Exactly as they appear, print the line with "Плоска кришка з" and each line after it through the end of the entries below; leave out pictures.

=======

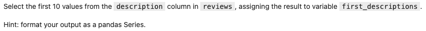 first_descriptions = reviews.loc[:9, "description"]
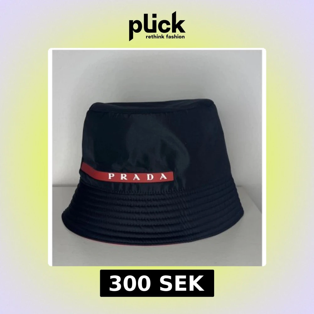 svart bucket hat från Prada med röd logotypdetalj. Helt ny, priset går att diskutera
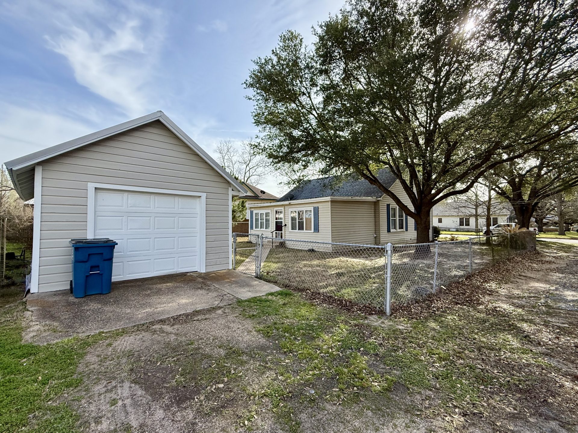 Built in the 1940s–50s and located in an established Navasota neighborhood, the home features 2-bedrooms, 1.5 baths, updated paint and flooring. The functional layout offers a flowing living, dining, kitchen, and bonus sunroom, along with two cozy bedrooms and 1.5 baths. Outside, enjoy the mature, towering trees and a fully fenced yard, including a separate fenced area ideal for pets. A detached single-car garage provides secure parking and extra storage space. Refrigerator, washer, and dryer included. Experience the best of small-town living with this home’s combination of comfort, practicality, and timeless character, ready to welcome its next residents.
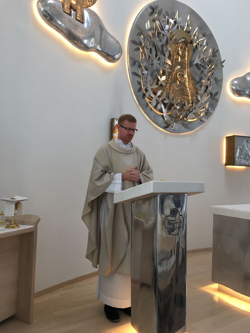 Nakon razgovora sa studentima, uslijedila je sveta misa koju je slavio velečasni Katačić u koncelebraciji sa prof. Matezovićem. U homiliji, vlč. Katačić osvrnuo se na navještenje opisano u Lukinu evanđelju. Ono je događaj poniznosti, skriven je, nitko za njega ne zna, a opet, ono je odlučujući događaj za povijest čovječanstva. Marijinim „da“ začet je Isus i njezin „da“ je i Isusov „da“. Sv. Ivan od Križa kaže da je Bog od samog trena začeća uzdigao Mariju u stupanj preobraženja. Novi zavjet, novi savez započinje anđeoskim pozdravom Mariji. Grčki izričaj „kaire“ – raduj se, nagoviješta kako se već ovdje vrata otkupljenja otvaraju čitavom čovječanstvu. Adam je pao u grijeh i osudio nas na smrt, a Krist, novi Adam, svojim posluhom otkupljuje nas od zaslužene kazne. Anđeo naviješta da Bog nije zaboravio obećanje da će izdići potomka Davidova kraljevstva, ali ovo Kraljevstvo nije izgrađeno na svjetovnoj moći, ne poznaje kraja jer u njemu kraljuje Bog. Umjetnici uglavnom prikazuju događaj utjelovljenja na način da Marija u kući moli, a anđeo dolazi s ljiljanom. Tako vidimo da Marija njeguje svoj duhovni život i ogleda se u Božjoj riječi, dok je ljiljan simbol čistoće. Dolazak Boga ne može se dogoditi van kuće, mora biti u molitvi. Isusovo je utjelovljenje novo ostvarenje zemaljskog raja kod nas u duši, Bog vraća dušu u svoj zagrljaj. Pomoć na putu sjedinjenja s Bogom su sakramenti pa će tako sveti župnik Arški reći da je oltar krilo Marijino gdje se neprestano začinje i rađa Bog. Svoju je homiliju zaključio zazivom da nas Bog već na zemlji učini dionicima svojega božanstva.
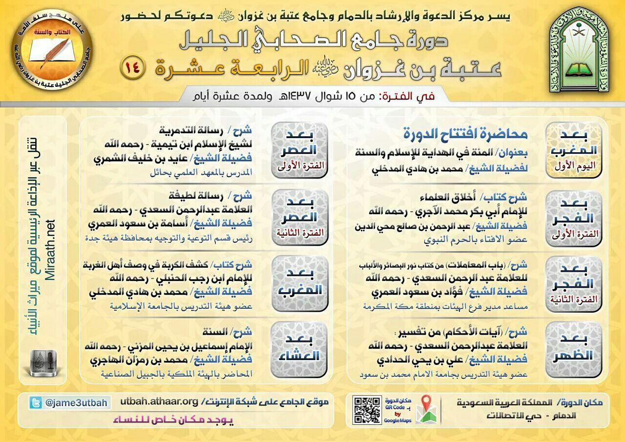 | لقاء مفتوح مع طلاب دورة جامع عتبة | الشيخ محمد بن هادي المدخلي | 2000-01-01 |
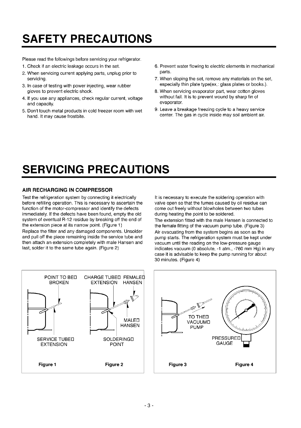 Please read the followings before servicing your refrigerator.
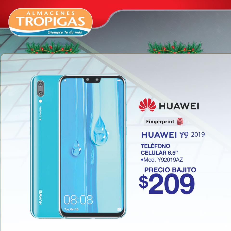 llena de felicidad, aprovecha el increíble descuento del HUAWEI Y9 2019. En #AlmacenesTropigas contamos siempre con cuotas chiquitas y precios bajitos.*Restricciones aplican, mayor información en sucursales.*Promoción válida hasta del 16 al 24 de noviembre de 2019.
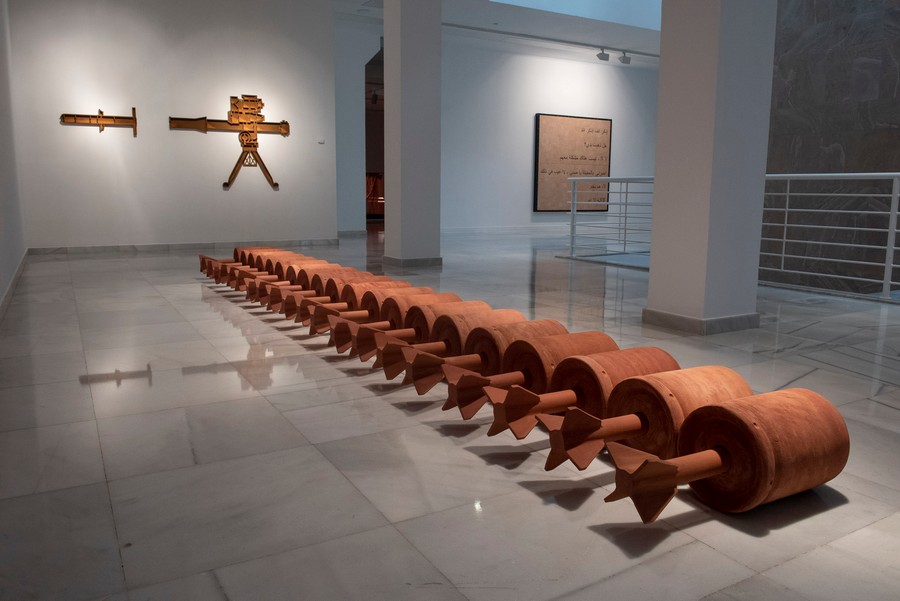 La mayor parte de las obras presentes en la exposición indagan en la forma en que la guerra se infiltra en el espacio privado, se nutre de materiales elementales y metodologías de enfrentamiento ancestrales, en las antípodas de la alta tecnología militar de Occidente.
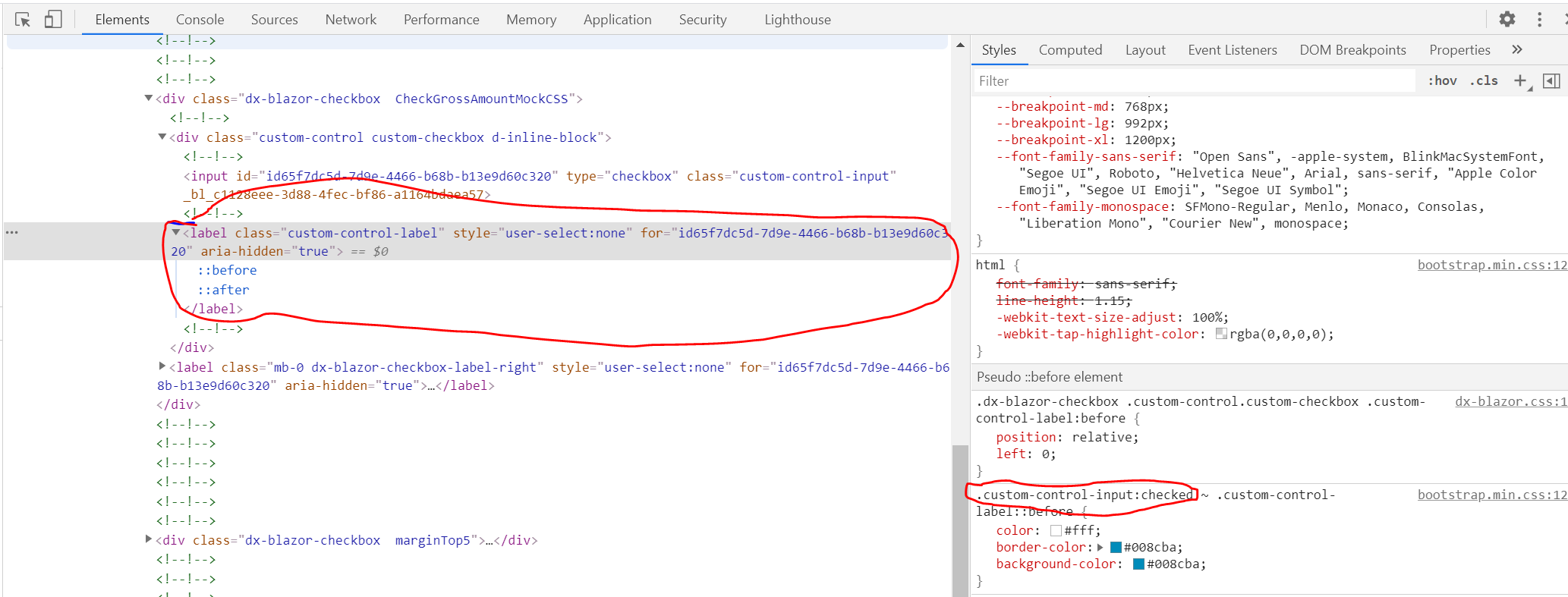 I can't find the way to examine its pseudo elements. There is no trace of .custom-control-input:checked
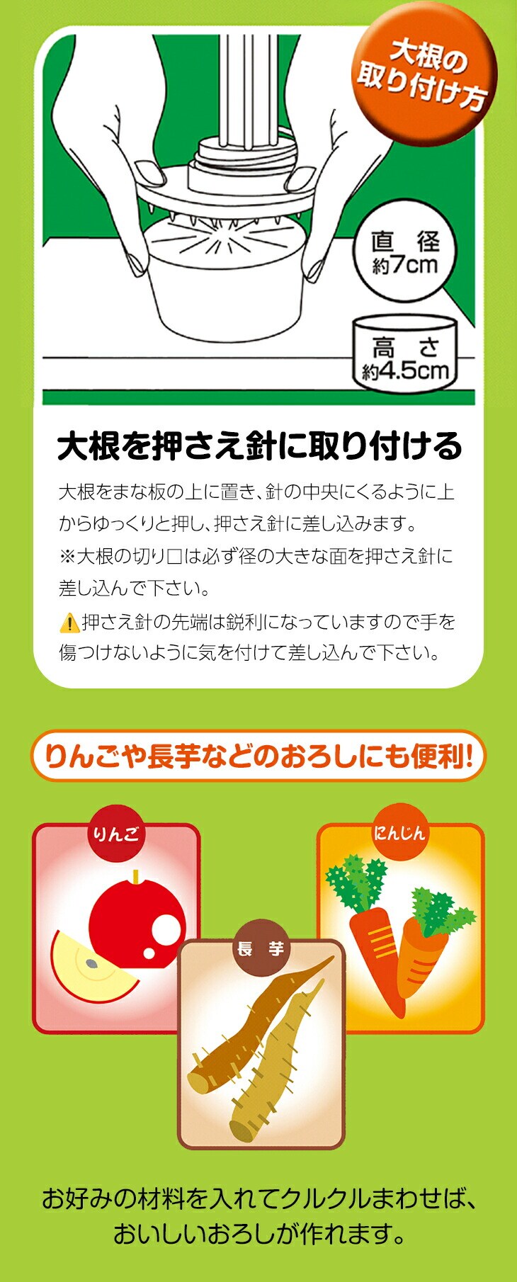 お年寄りや、指先の力が弱い方でも、ハンドルを軽く回すだけで簡単にふんわりとした美味しい大根おろしが作れます。
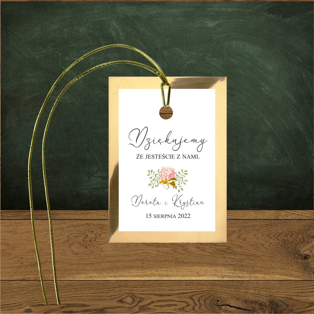 Podziękowania dla gości najmodniejsze są personalizowane, dlatego nieodzowne będą zawieszki do zawiązania prezencików. Te tutaj z zielonymi gałązkami i pastelowymi różowymi piwoniami.Dla wielbicieli przepychu w wersji glamour ze złotą podklejką.
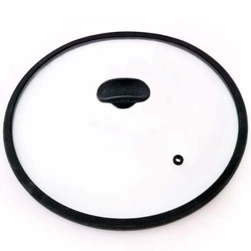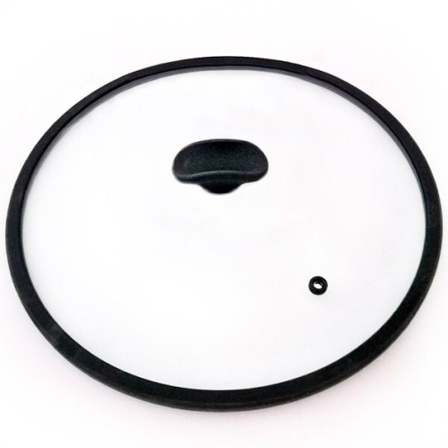 Плоска кришка з жаростійкого боросилікатного скла з силіконовим обідком. Для каструль, сотейників та сковорідок з антипригарним покриттям і не тільки. Щільно закриває посуд, не дряпає верхню кромку. Ручка кришки з бакеліту не нагрівається, не плавиться, зручно лягає в руку.
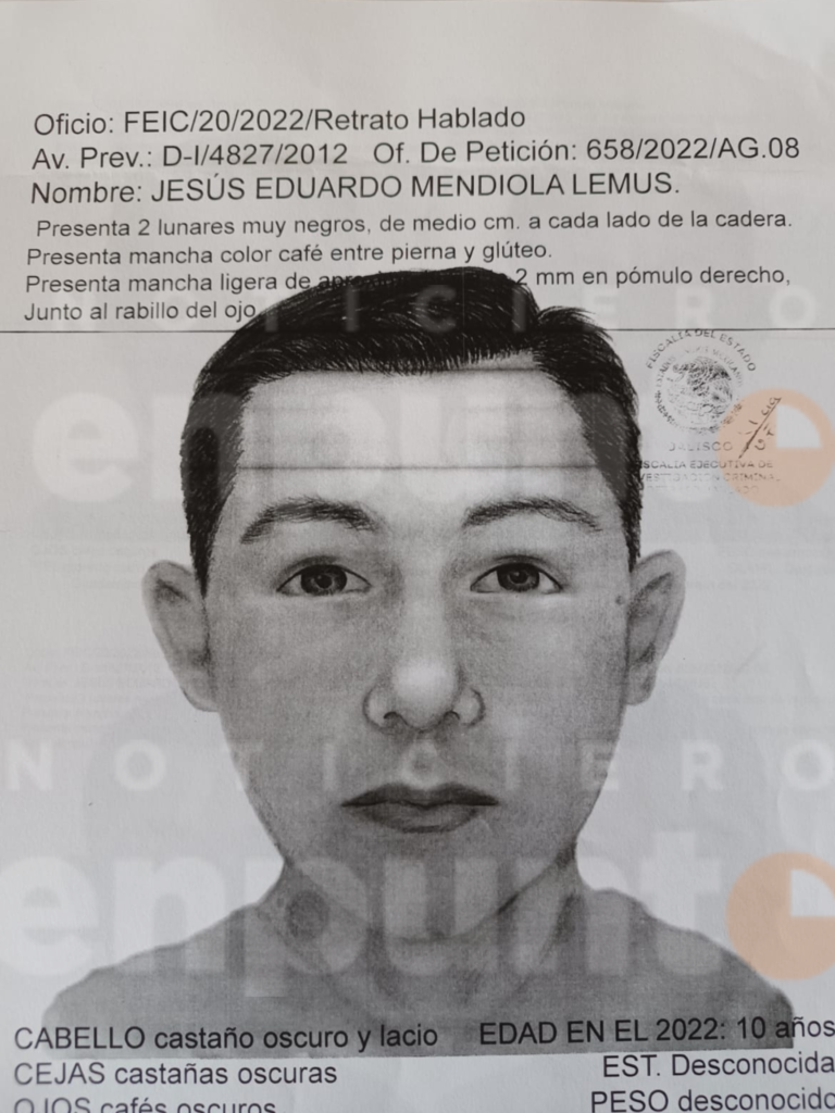Lalito tenía dos años y nueve meses cuando desapareció, esto ocurrió en una privada al cruce con Venustiano Carranza en la colonia El Mirador en Tonalá, el niño entró a una casa a ver una película y al parecer salió por otra puerta que comunicaba a un taller de artesanías, pero ya nadie lo vio, su mamá Virginia y su papá César, aún esperan que vuelva.

=======

* **Response box**:
 Плоска кришка з жаростійкого боросилікатного скла з силіконовим обідком. Для каструль, сотейників та сковорідок з антипригарним покриттям і не тільки. Щільно закриває посуд, не дряпає верхню кромку. Ручка кришки з бакеліту не нагрівається, не плавиться, зручно лягає в руку.
Lalito tenía dos años y nueve meses cuando desapareció, esto ocurrió en una privada al cruce con Venustiano Carranza en la colonia El Mirador en Tonalá, el niño entró a una casa a ver una película y al parecer salió por otra puerta que comunicaba a un taller de artesanías, pero ya nadie lo vio, su mamá Virginia y su papá César, aún esperan que vuelva.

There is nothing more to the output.